The principle of stoichiometry is central to predicting the quantities of reactants and products in a chemical reaction. In this exercise, we are focusing on the preparation of fluorine gas from calcium fluoride (\( \text{CaF}_2 \)) and sulfuric acid (\( \text{H}_2\text{SO}_4 \)). Stoichiometry allows us to determine the amount of calcium fluoride needed to produce a specific volume and concentration of fluorine gas.

Firstly, we identify the chemical equations involved. The first equation represents the reaction of \( \text{CaF}_2 \) with \( \text{H}_2\text{SO}_4 \) to produce hydrofluoric acid (HF), which is subsequently electrolyzed to produce fluorine (\( \text{F}_2 \)).

• The equation \( \text{CaF}_2(s) + \text{H}_2\text{SO}_4 (\ell) \rightarrow 2 \text{HF}(g) + \text{CaSO}_4(s) \) indicates that one mole of \( \text{CaF}_2 \) gives two moles of HF.
• The electrolysis equation \( 2\text{HF}(\ell) \rightarrow \text{F}_2(g) + \text{H}_2(g) \) shows that two moles of HF produce one mole of \( \text{F}_2 \).

Thus, it can be concluded that for every mole of \( \text{CaF}_2 \), one mole of fluorine gas is produced. Understanding this ratio allows us to calculate the exact amount of \( \text{CaF}_2 \) that is required based on the moles of \( \text{F}_2 \) desired.

Electrolysis is crucial in the conversion of hydrofluoric acid (HF) into fluorine gas (\( \text{F}_2 \)). This process uses electrical energy to drive a non-spontaneous chemical reaction. When HF is melted with potassium fluoride (KF), it forms a conductive solution called molten salt, which allows the passage of electric current.

During electrolysis:

• Anode (positive electrode): Oxidation occurs, and HF dissociates to release fluorine gas (\( \text{F}_2 \)).
• Cathode (negative electrode): Reduction occurs, and hydrogen gas is produced.
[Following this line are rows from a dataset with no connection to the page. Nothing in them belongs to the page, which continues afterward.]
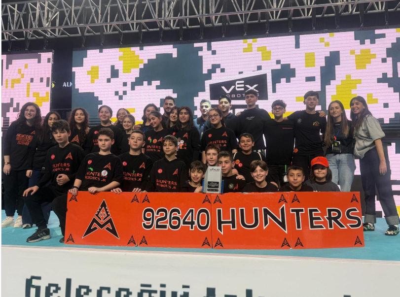 Hunters Robotics Junior takımı, VEX Robotics Challenge Türkiye Şampiyonası’nda hem Türkiye üçüncüsü oldu hem de prestijli Design Ödülü’nü kazanarak ABD’de düzenlenecek Dünya Şampiyonası’na katılma hakkı elde etti.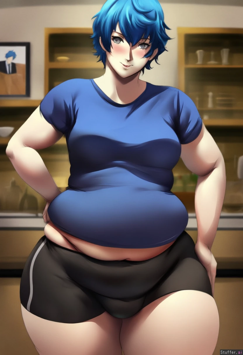 best quality, high rating, High quality, high rating, uhd, masterpiece, detailed face, 1girl, belt-buster(artist), zeroqrisu(artist), (Naoto Shirogane, persona 4, blue hair, grey eyes), Japanese inn kitchen background, (small blue T-shirt, wearing a binder, black sport shorts), view from front, looking at viewer, blushing, (visible belly:1), (flirting, presenting, teasing) (Shiny skin, simple shading), simple nose, simple anime eyes, mature, (defined lineart), tall, standing, Chubby, Fatter lower belly, love handles, chunky fat square hips, (big boobs:0.1), saddlebag hips, chunky fat ass, wide ass, (square shaped ass cheeks, shelf ass, fupa,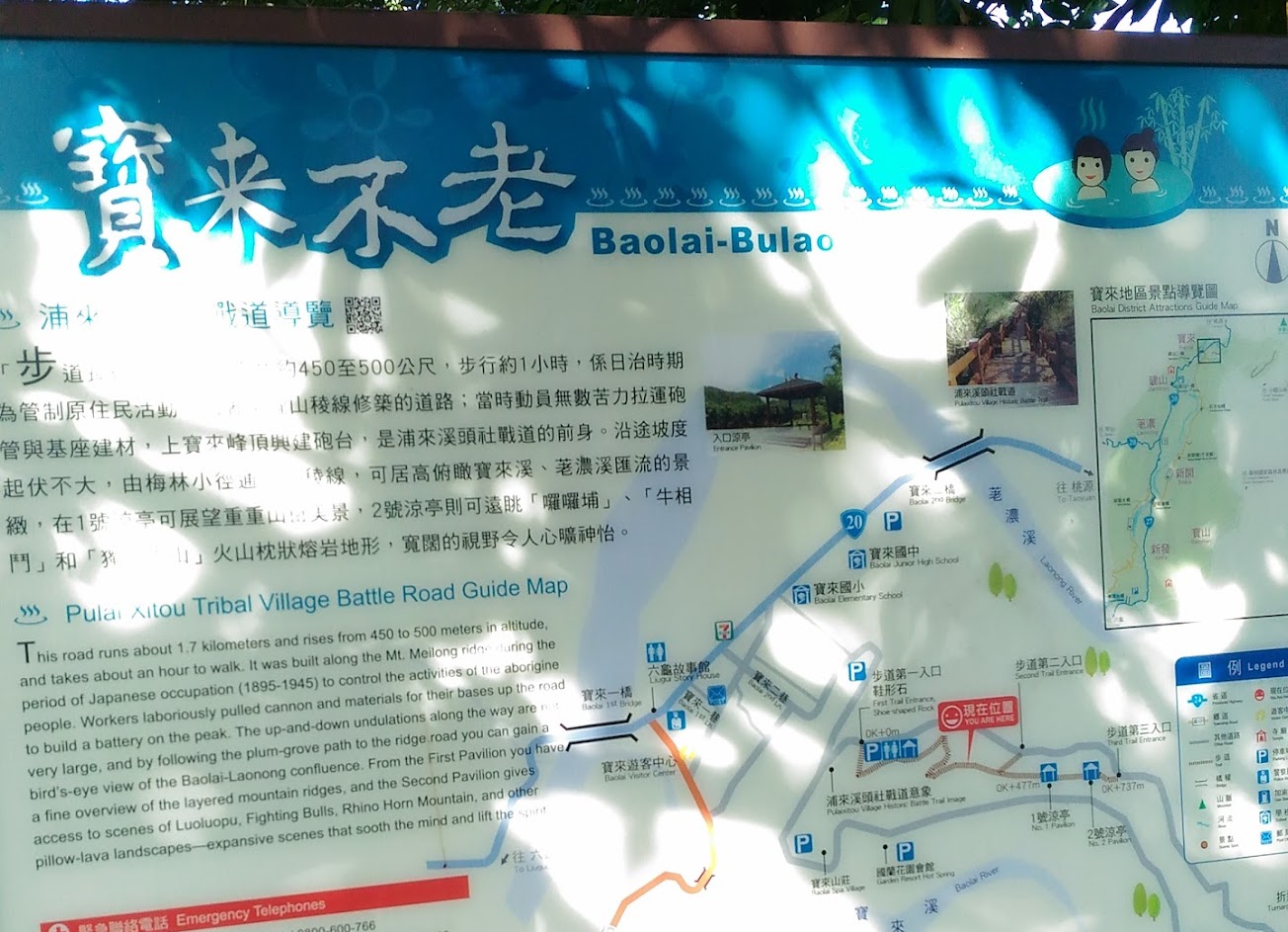 假日在公園入口寶來國中有開放臨時停車場,入口有長又陡的樓梯及斜坡,非常不建議有嬰兒車及長輩前來,公園內只有足湯有開放時間及收費,收費處也可以一卡通刷卡後直接入場。按照公園地圖指示散散步是個不錯的地方。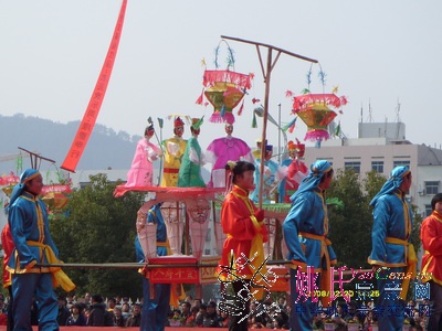 钱江源头灯文化2012年03月03日 17:51:31 % U t! {( j& q9 e/ ?9 | 一年一次的钱江源灯会早已过去,但灯会展现的文化氛围,至今令人难以忘怀。 钱江源头灯会是伴随灯日而至的。据说,最早的灯日是开化龙顶茶的发源地——齐溪大龙村。除夕,山农吃过年夜饭,家家户户量斗米,点燃红烛插在米斗里,噼里啪啦一阵鞭炮声过后,户主捧着“斗子灯”,喜气洋洋跨出家门,加入灯队绕村游行。灯日定在除夕,为的是送旧迎新,外村人是不去赶热闹的,所以有“女儿看不见娘家灯”之说。过了大年初一,山乡灯日接连不断,大道小径,人群熙来攘往,比今日赶集市还热闹。 千年古镇马金,人烟稠密的大村有灯日,偏僻的小山村也有灯日。随着村组织的变更,灯日也有些变革。翻开老皇历,姚氏大家族聚居一个大村庄,灯日从正月初八开始,直至十五结束,是开化时间最长的灯日。现在,马金姚家分为两个行政村,因此就有两个灯日。正月二十,原先是马金下街的灯日,如今,上下街村也各自择定了新的灯日。 马金镇的灯日很多,诸如姚一村正月初八,上街村、明塘坞村、大淤村十一,下街村十二,湖头村十三,姚二村十五等。霞山乡霞山、山头灯日是二十二,这是钱江源头最后的一个灯日。 灯日这天,所有亲戚朋友都来贺年观灯,各家盛设酒筵,殷勤接待。每有一客数主,忙得主人四处找客,出现你拖我拉,“请客容易,揽客难”的热烈场面。纯朴的山乡百姓,热情好客,礼尚往来,有了灯日,亲朋好友来得集中,场面显得热闹,交流信息方便,开支反又节省,更不用天天忙于待客应酬。 “火树银花不夜天”,灯日观灯喜洋洋。钱江源头灯会众彩纷呈,各具特色,沉淀着深厚的民族传统文化底蕴,表现了山区农民粗犷豪爽的思想感情。 初七是齐溪一个小村的灯日。夜幕降临,山农把长条板凳翻个身,让四条凳脚朝天,前后点燃红烛,然后肩扛一条条板凳排成长龙,穿村而行,锣鼓喧天,热闹非常,这叫“龙角灯”。大村庄灯日那天,天刚蒙蒙亮就听见阵阵敲大锣声音,这叫“开灯路”。吃了早饭,便出迎板龙灯,这叫“迎白灯”。“白灯”板数略少,且不点燃蜡烛,为晚上迎红灯先作演习而已。远道宾客观赏了“白灯”便赶回家。 板龙灯多数村皆有,板数因村户而定,大村一二百板不等。灯板两头凿有圆孔,中插木桩连接,转弯抹角十分灵活。灯板上设置三盏或四盏灯,罩以灯笼,内点蜡烛。板上间插两面三角龙旗,旗上彩绘龙凤图像,或题宣传标语、诗句、灯谜。龙头龙尾用樟木雕刻,流金溢彩,张牙舞爪,显得威武无比。 入夜,龙板灯出迎,灯球前行,鼓乐随后,时而缓游,时而疾行,时而盘旋,时而扼角,在夜色弥漫的村野中宛如一条巨龙,行至河边,倒映水中,灯火辉煌,翻江倒海,陆上水中双龙翻腾,煞是壮观,伴以锣鼓声、唢呐声、鞭炮声、喝彩声,构成一幅“妙夺诸方,目从未观”的壮丽景色。 过去,内外徐村除了龙板灯、花灯,还有罕见的狮舞灯。狮子用篾扎成,腹下安两根短木,腹内点燃蜡烛。舞狮时,灯彩球在前引逗,舞狮人左右手各执短木翩翩起舞,或进或退,或奔或蹲,或跃或立,一对对双狮戏彩球,摇头摆尾,绕村串巷,欢声笑语,此起彼落。霞山灯会,白天踩高跷,晚上迎花灯。高跷竹马源于跳竹马,高于跳竹马,为明代少保吏部尚书兼谨身殿大学士商辂和霞山村祖先郑旦公组织首创。它充分利用三度空间位置,配有八匹神马,饰李世明、李治、徐茂公、尉迟公、秦叔宝、程咬金、薛仁贵、罗成等面谱,以慢步、小步冲跳、旋转等舞步进行,堪称别具一格。 最为壮观的是姚家灯会,它不仅灯日长,而且灯类繁多,有花灯、扛灯、布龙灯、板龙灯,还有吉祥动物灯;狮、象、鹿、麒麟、双凤朝阳等。 花灯工艺精湛,颇受赞赏。它用篾制扎成一个如水缸大的花钵,花钵内置以曲杆弯枝的小树,枝条上饰绿叶、花朵。花灯名目各异,别具匠心,有“凤穿牡丹”、“喜鹊栖梅”、“孔雀开屏”、“八哥戏竹”等,光彩动人,灿烂夺目。 扛灯又名宫灯,是宫廷彩灯的一种,始于唐代,盛于宋元。马金姚家村有扛灯,流传两种说法:其一,史载,大舜生于姚墟,因以为姓。姚氏乃舜之后裔,故获迎宫灯之殊荣;其二,史曰,唐开元四年(公元716年),山东蝗灾,官民焚香拜祝,坐视蝗虫食苗不敢捕。宰相姚崇派御史分道灭蝗,设夜火,坎其旁,且焚且埋。汴州刺史倪若水迷信天灾,拒不应命。姚崇责之曰:“坐视蝗虫食苗,忍而不救,粮食无收,刺史将如之何?”姚崇下令灭蝗,得死蝗十四万石,山东之民,免为饿殍。百姓自发举行隆重灯会庆祝,其中就有扛灯。嗣后,姚氏后裔为纪念先贤,也仿制扛灯。 扛灯以“福禄寿禧、吉祥如意”八个字为主题,以传统戏剧故事为内容,以人物形象为主体,分台脚、台面、人物三部分组合而成。台脚底架用木料做,其余均用蔑片扎骨架。台面即戏台,四周框边饰以彩色纸剪刻图案。人物头像制作先用樟木模型糊纸,然后取出木模,在空壳人头面上画脸谱,戴冠穿袍,形象逼真,活灵活现。一台扛灯一台戏,如“天官赐福”、“文王拉车”、“桃园结义”、“九世同居”、“郭子仪拜寿”等,人物形象栩栩如生,堪称一绝。两人扛一台,每台扛灯尾随一班吹鼓手,一路吹吹打打,游遍全村,直至灯会结束,人流欢散。 “文革”期间,把民间传统文化活动当作“四旧”破除,从此群众不敢言灯会事。直到1983年农村大改革,农民欢天喜地又兴灯会,可惜一些能工巧匠的老艺

The balanced reaction in electrolysis is \( 2 \text{HF}(\ell) \rightarrow \text{F}_2(g) + \text{H}_2(g) \). Electrolysis not only allows the isolation of pure fluorine gas but also efficiently separates it from other possible products. It’s a widely used technique in the chemical industry for the generation of reactive gases and pure elements. Understanding the principle of electrolysis helps in comprehending the steps necessary for obtaining fluorine from hydrofluoric acid.

Density is an essential concept in this exercise as it bridges the gap between grams and liters, which allows us to convert the volume of fluorine gas into mass. The formula is straightforward: \[\text{Mass} = \text{Density} \times \text{Volume}\]Given the density of \( \text{F}_2 \) as 1.70 g/L, we can calculate the mass of fluorine for a given volume.
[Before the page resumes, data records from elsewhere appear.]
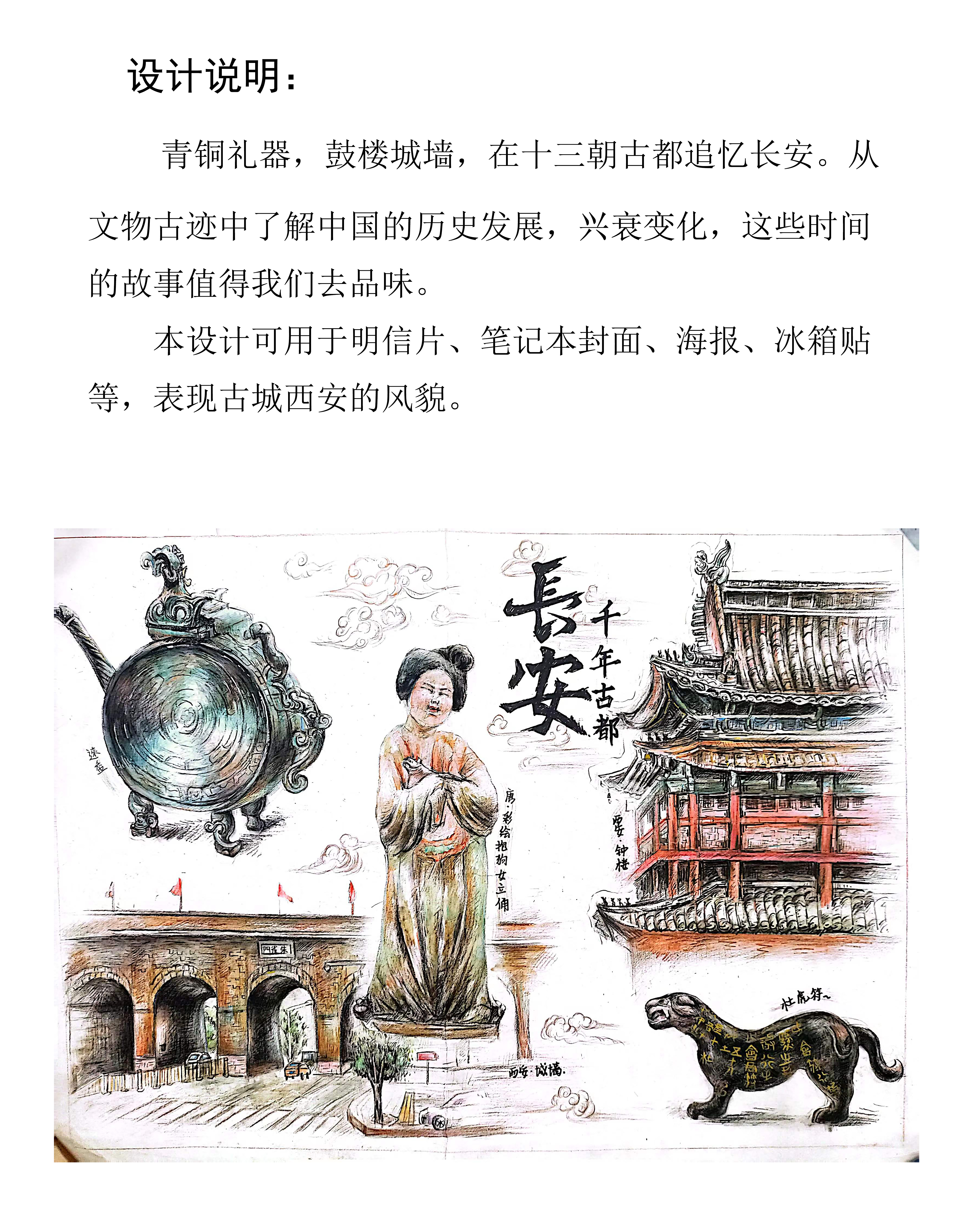 青铜礼器,鼓楼城墙……,在十三朝古都追忆长安。从文物古迹中了解中国的历史发展,兴衰变化,这些时间的故事值得我们去品味。 本设计可用于明信片、笔记本封面、海报、冰箱贴等,表现古城西安的风貌。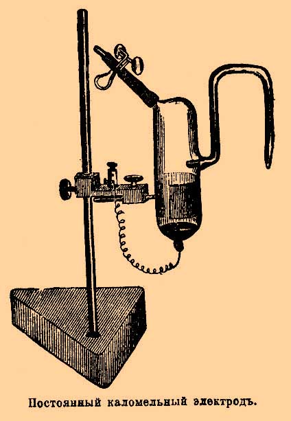 В сосуд (см. фиг.) с впаянной снизу платиновой проволокой, на дне которого находится ртуть, покрытая слоем каломели, наливается нормальный раствор хлористого калия, т. е. 74,6 г в литре раствора, или 0,1 нормальный. Электровозбудительная сила на границе этого электрода и электролита, по Оствальду, в первом случае равна 0,56 вольт, во втором 0,616 вольт. Электрод этот носит название "постоянный каломельный электрод" и применяется в электрохимии (см. статью Электрохимия).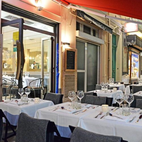 Only open in the evenings, this small bistro just two minutes from Rue d’Antibes never disappoints. In an open kitchen, a youthful chef works with local, seasonal produce, crafting subtle, tasty dishes, such as his knockout velvety carrot soup with star anise and lightly seared shrimp. Market availability dictates the contents of the “Surprise” menu which is great value for money… Booking recommended.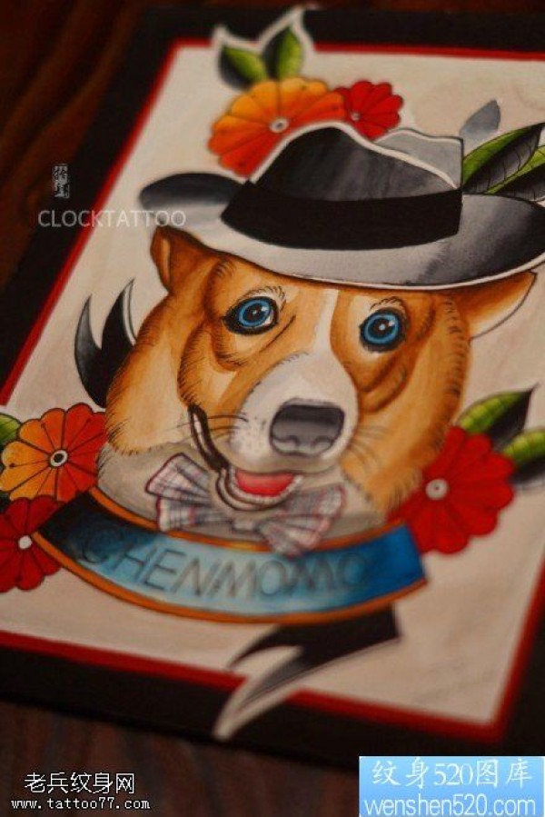 汪星人狗狗蝴蝶结字母纹身图片_蝴蝶纹身图案大全_纹身图吧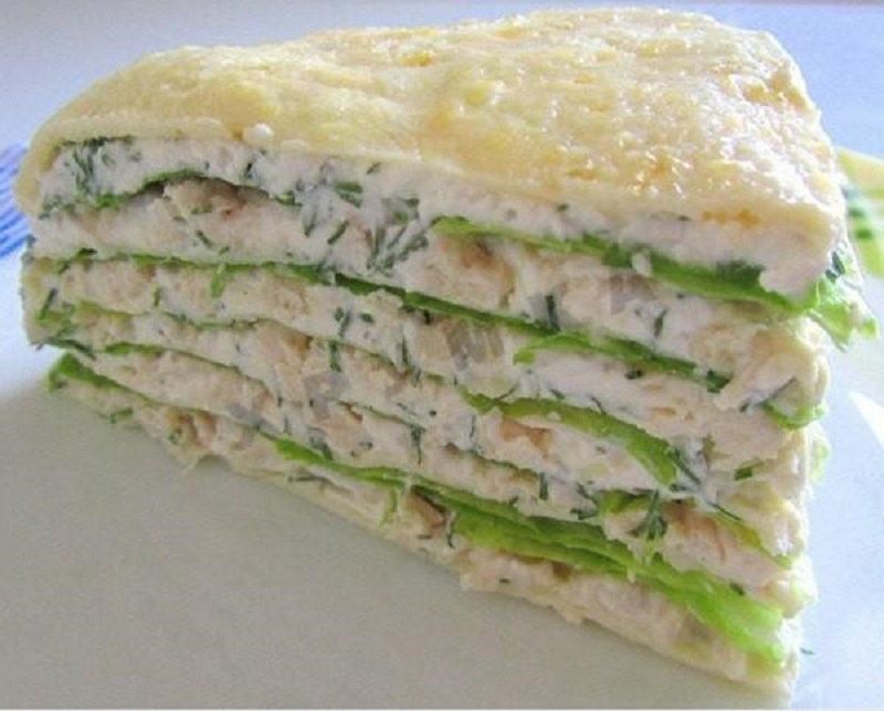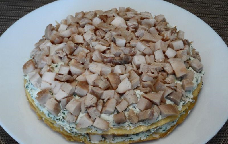 5. Pe deasupra, adăugăm jumătate din cantitatea de piept de pui. Procedăm la fel cu restul ingredientelor.

For instance, if we have 25 liters of \( \text{F}_2 \), then:

• Mass of \( \text{F}_2 \) = 1.70 g/L \( \times \) 25 L = 42.5 g.

Converting the volume to mass enables the use of stoichiometric relationships to find out the required amounts of reactants, such as \( \text{CaF}_2 \) in this instance. Understanding density calculations plays an important role in producing the correct quantity of gases or any substance when given volume constraints.

Chemical reactions are the foundation of this exercise, where we use them to transform reactants into products. The given reactions show both the synthesis of HF from \( \text{CaF}_2 \) and \( \text{H}_2\text{SO}_4 \), and the subsequent electrolysis of HF to yield fluorine. Here, understanding chemical reactions includes recognizing:

• Formation and consumption of substances, like \( \text{CaSO}_4 \) as a by-product in the first reaction.
• The use of stoichiometry to ensure that reactants are present in correct proportions, which avoids wastage and ensures optimal production.
• The flow of a chemical process, starting with raw reactants and leading to the desired end products.

Developing a firm grasp of how chemical reactions take place, and how they are represented through chemical equations, is essential for comprehending how different substances interact and transform. Knowing these details aids in designing and performing chemical syntheses accurately and effectively.